Extension of Baire's Theorem

Question

Let $X$ be a topological space, $\kappa$ be a cardinal number, such that there exists a dense subset $A\subseteq X$ of cardinality $\kappa$ but there does not exist a dense subset $A'\subseteq X$ of cardinality less than $\kappa$.

Now, suppose that $X$ is a metric space which satisfies the above property for $\kappa\geq \aleph_0$. In this generality is there a Baire-type theorem stating that if $(A_{i})_{i \in I}$ is a collection of dense open subsets of $X$ each of Cardinality at most $\kappa$ and $I$ is of cardinality $\kappa$ then $ \cap_{i \in I} A_i \neq \emptyset? $

Answer 1

Such a hypothetical Baire theorem is not true: for every cardinal $\kappa$ of uncountable cofinality and any cofinal subset $C\subset \kappa$ of cardinality $|C|=\mathrm{cf}(\kappa)$, the Hilbert space $\ell_2(\kappa)$ of density $\kappa$ is a complete metric space that can be written as the union $\bigcup_{\alpha\in C}\ell_2(\alpha)$ of $\mathrm{cf}(\kappa)$ many closed nowhere dense subsets $\ell_2(\alpha)=\{x\in\ell_2(\kappa):x^{-1}(\mathbb R\setminus\{0\})\subset [0,\alpha)\}$. Then the intersection $\bigcap_{\alpha\in C}U_\alpha$ of the dense open sets $U_\alpha=\ell_2(\kappa)\setminus\ell_2(\alpha)$ is empty.

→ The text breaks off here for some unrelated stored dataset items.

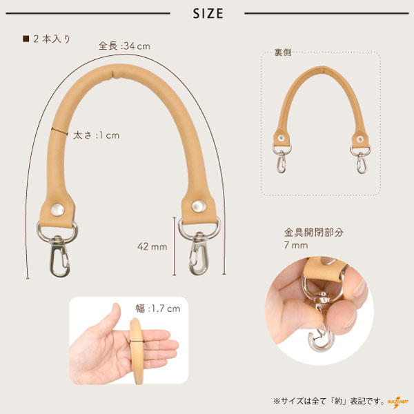 持ち手 合皮 修理 交換 補修 付け替え ナスカン式 34cm YAK-3405S 手芸 ハンドメイド INAZUMA イナズマ YAK3405 日本製
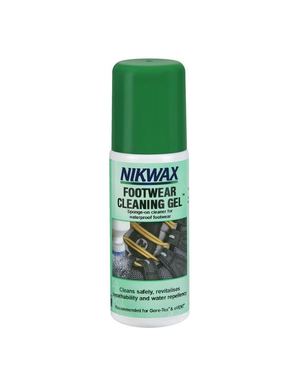 Gelul de curatare pentru incaltaminte Nikwax , un produs de 125 ml, este potrivit pentru toate tipurile de incaltaminte. Poate fi utilizat pe incaltaminte impermeabila. Aplicatorul burete faciliteaza aplicarea completa a produsului pe intreaga suprafata a incaltamintei. Indeparteaza eficient murdaria si grasimea fara a deteriora bocancii de lucru. Reface impermeabilitatea si mentine respirabilitatea. Solutia de curatare este complet sigura pentru utilizare si pentru mediu - netoxica, neinflamabila si fara fum. De asemenea, nu contine fluorocarburi sau alte substante toxice.
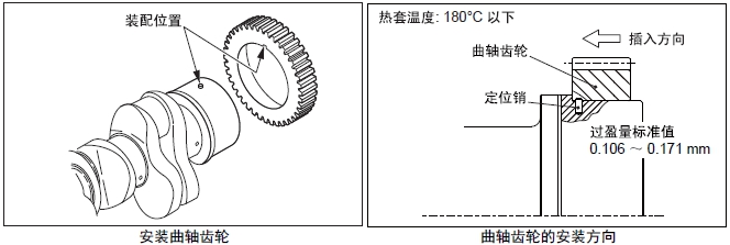 (1) 測(cè)量曲軸外徑和曲軸齒輪的內(nèi)徑,確認(rèn)過(guò)盈量。
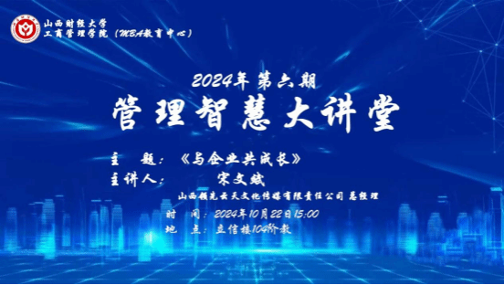 在立信楼104阶梯教室举办2024年第六期“管理智慧大讲堂”。本次活动邀请了优秀校友、太原市迎泽区第六届人大代表、山西领先云天文化传媒有限责任公司总经理宋文斌先生作了题为“与企业共成长”的专题讲座。讲座由皇冠体育
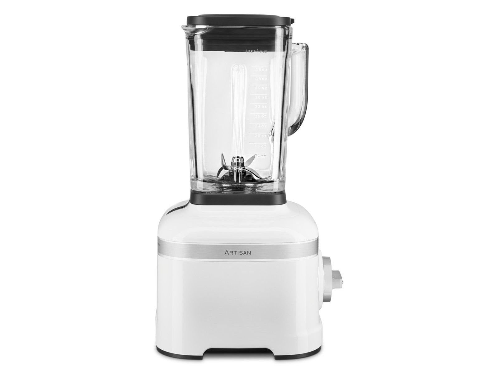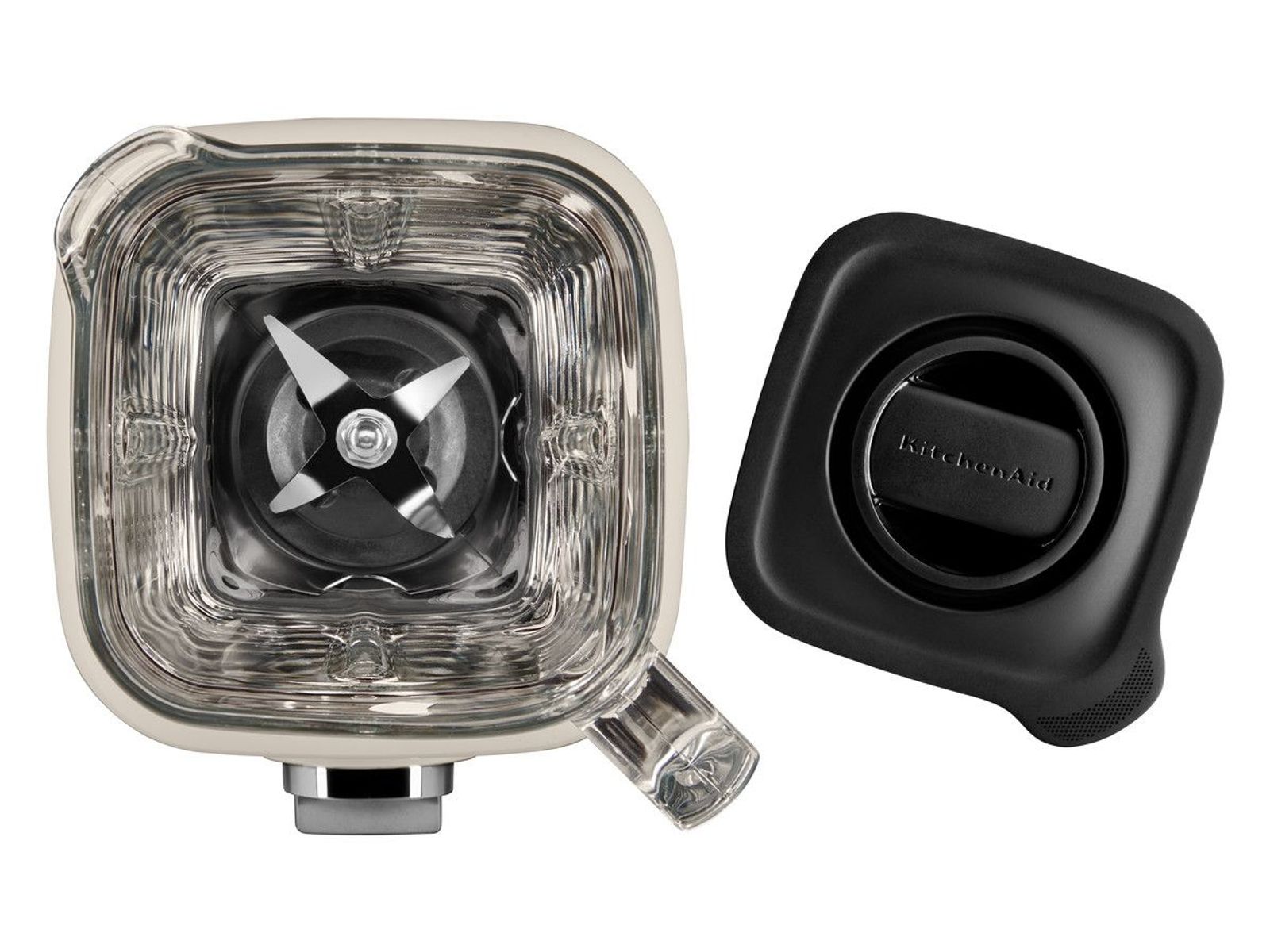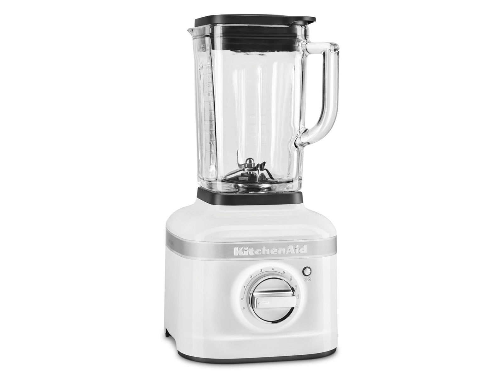 Hoogwaardig driedelig blendsysteem van KitchenAid: motor met piekvermogen van 1,5 pk (met Intelli-Speed), uniek asymmetrisch mes en geribbelde mengbeker
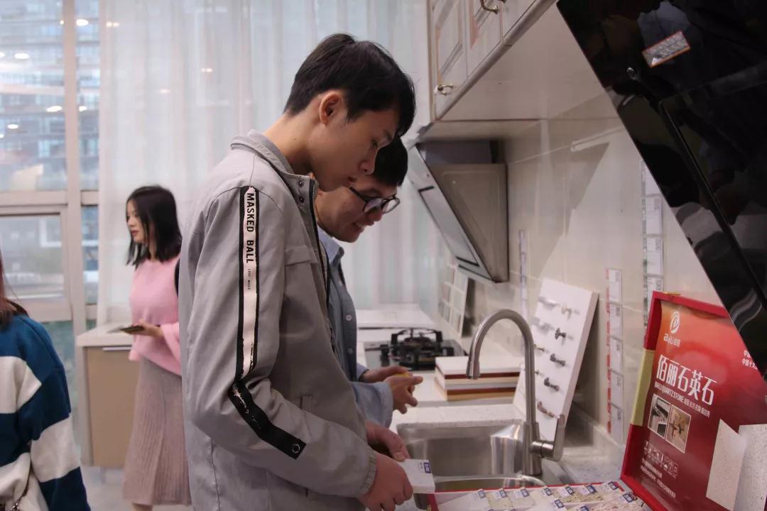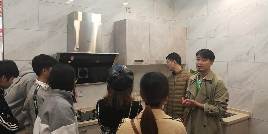在廚房展示區(qū),設(shè)計部經(jīng)理韋昌豪和學(xué)生分享:“如果同學(xué)們今后決心要成為一名設(shè)計師,現(xiàn)在開始就要關(guān)注一些基礎(chǔ)的設(shè)計上的問題,對廚房的配置多做基礎(chǔ)的了解,平時也可以自己拿尺子量一些門、窗的尺寸。設(shè)計源于生活,設(shè)計師做出的設(shè)計也要根據(jù)現(xiàn)實(shí)生活來落地?!?
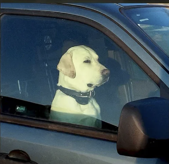 The photograph shows exactly what the officer saw: a yellow Labrador sitting in the driver’s seat, looking out the window with the dignified expression of a dog who had nothing to do with this terrible plan. The dog appears calm, unbothered, completely unaware that his owner just tried to frame him for a traffic violation.

The same concerns the closed unit ball $B$ of $\ell_2(\kappa)$. In the weak topology, $B$ is (uniform Eberlein) compact, which can be written as the union of $\mathrm{cf}(\kappa)$ many closed nowhere dense subsets. So, the Baire Theorem does not extend even to the intersection of $\aleph_1$ many dense open sets in nice (namely, uniform Eberlein) compact spaces.

On the other hand, there are some extensions of the Baire Theorem for topological spaces of countable cellularity, but a metrizable space has countable cellularity if and only if it is separable, so such extensions do not concern metrizable spaces. Namely, the Martin's Axiom is equivalent to the statement:

For any compact Hausdorff space $K$ of countable cellularity, the intersection of less than continuum many dense open sets in $K$ is not empty.

As a first reading of this topic, you can look at section 1 called "Topology of MA" of the survey paper "Versions of Martin's Axiom" of William Weiss in "Handbook of Set-Theoretic Topology" published by Elsevier in far 1984.

Also there exists a well-known cardinal characteristic $\mathrm{cov}(\mathcal M)$ of the continuum, equal to the smallest number of open dense subsets in the real line whose intersection is empty. The value of $\mathrm{cov}(\mathcal M)$ is between $\omega_1$ and $\mathfrak c$, but its exact position in the segment $[\omega_1,\mathfrak c]$ depends on additional axioms of Set Theory. The cardinal $\mathrm{cov}(\mathcal M)$ is one of 10 cardinal characteristics of the continuum, composing the famous Cichon's Diagram.